Easton v. Salisbury - 62 U.S. 426 (1858)
U.S. Supreme Court
Easton v. Salisbury, 62 U.S. 21 How. 426 426 (1858)
Easton v. Salisbury
62 U.S. (21 How.) 426
Between May, 1829, and July, 1832, there was an interval in the acts of Congress reserving lands from sale which were claimed under Spanish concessions in Louisiana, and during this interval an entry or patent for any of these lands would have been valid.
But a patent issued in 1827, whilst the reservation was in force, was void, and the patent did not become operative proprio vigore during the interval between 1829 and 1832.
The confirmation of the concession in 1836 therefore gave a good title to the claimant under the concession.
Moreover, the New Madrid warrant, not being located within one year from the 26th of April, 1822, was void.
This was a petition in the nature of an ejectment brought by Easton against Salisbury in the St.

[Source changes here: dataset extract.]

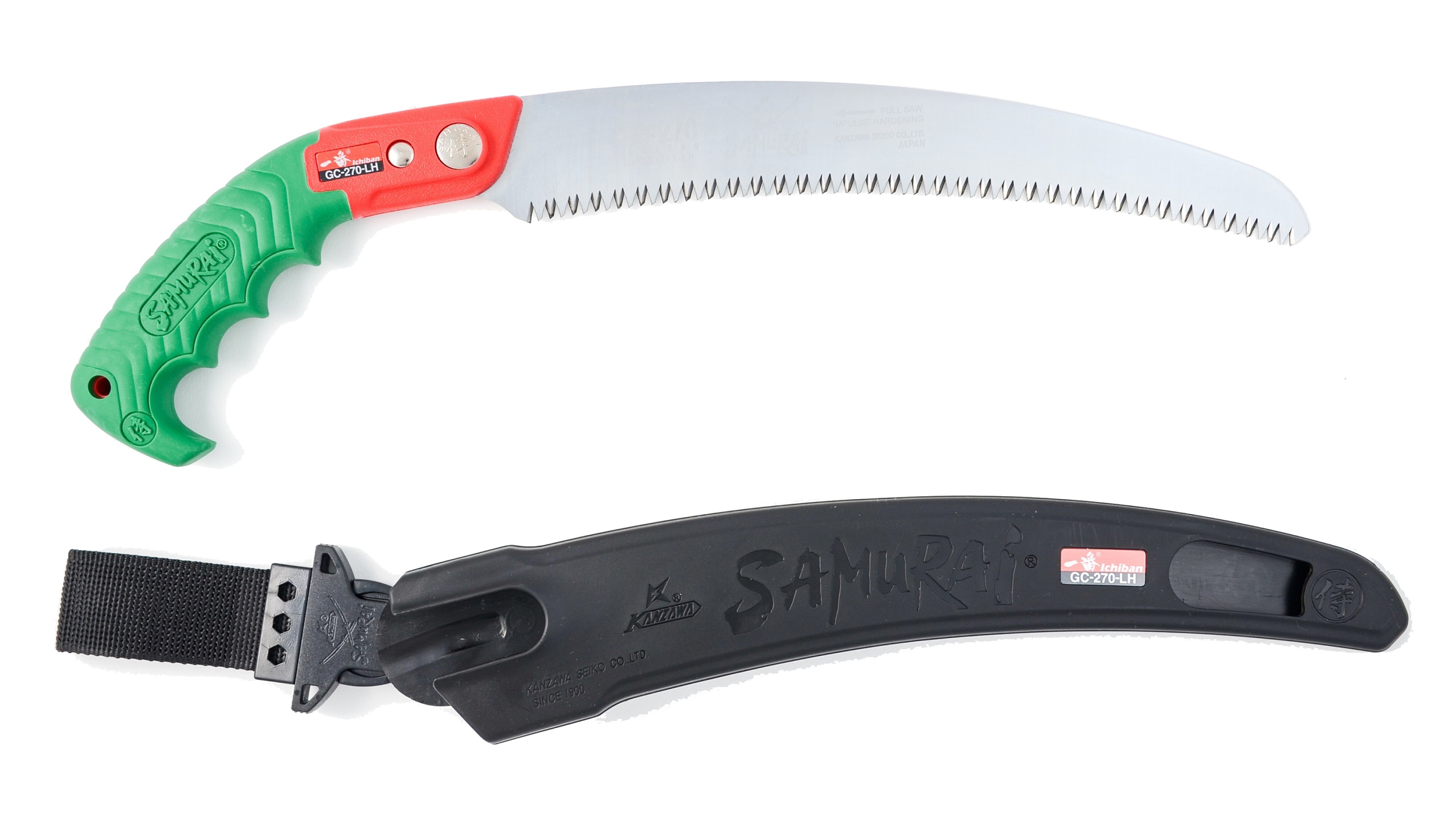 Σταθερό χειροπρίονο SAMURAI GC 270 LH με κυρτή λάμα 27 cm και θήκη. Η σειρά χειροπριόνων SAMURAI GC-Series, με κυρτή λάμα τριπλής οδόντωσης, αποτελεί πατέντα της Kanzawa και επιτρέπει στον χρήστη να χρησιμοποιεί το ίδιο αποτελεσματικά όλο το μήκος της λάμας (από την χειρολαβή έως και το άκρο της μύτης). Με τον τρόπο αυτό απαιτείται πολύ λιγότερος χρόνος και πολύ μικρότερη προσπάθεια για την επίτευξη των ίδιων αποτελεσμάτων.
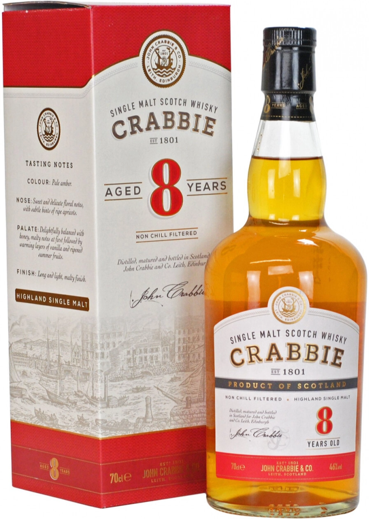 Crabbie, 8 Years Old, Highland Single Malt — односолодовый виски, выдержанный в течение 8 лет в дубовых бочках. Как правило, односолодовый шотландский виски принято употреблять в качестве самостоятельного напитка или со льдом, но производитель "Crabbie" 8 Years Old рассчитывает на то, что его продукт будут использовать для самых смелых алкогольных экспериментов.

Louis Court of Common Pleas to recover the lots described in the opinion of the court. The court of common pleas gave judgment for the defendant, and this judgment was affirmed by the supreme court.
The plaintiff claimed under a New Madrid patent issued in 1827, and the defendant under a Spanish concession which was confirmed in 1836. The Supreme Court of Missouri
was of opinion that the New Madrid patent was absolutely void when issued and that it did not become operative in the interval between May, 1829, and July, 1832.